▶ _Given material_:
************
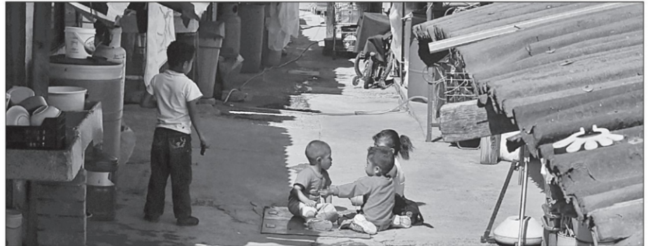
El asunto de las políticas públicas en México no sólo es que sus diseños son modelos reproductores de los problemas sistémicos de la nación, que se encuentran sostenidos por una gran columna a la que coloquialmente denominamos <<pobreza>>

A pesar de que la política que viene instrumentando la Secretaría de Hacienda y Crédito Público en los tres años previos, nos ha llevado a que el PIB del 2021 esté en los niveles del 2016 y la economía este enfrentando rezagos productivos, escasez de productos y presiones sobre precios e importaciones caras, continúan privilegiando las llamadas finanzas “sanas” y la reducción de la deuda, causantes de tales problemas.
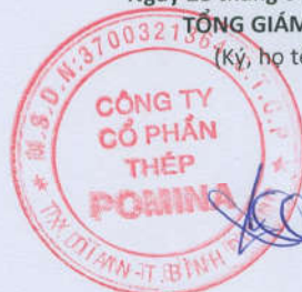
ĐỖ TIẾN SĨ
************
Exact copy required, pictures excluded: the lines from the one holding "A pesar de que" through the last line of the data, both ends included.

A pesar de que la política que viene instrumentando la Secretaría de Hacienda y Crédito Público en los tres años previos, nos ha llevado a que el PIB del 2021 esté en los niveles del 2016 y la economía este enfrentando rezagos productivos, escasez de productos y presiones sobre precios e importaciones caras, continúan privilegiando las llamadas finanzas “sanas” y la reducción de la deuda, causantes de tales problemas.
ĐỖ TIẾN SĨ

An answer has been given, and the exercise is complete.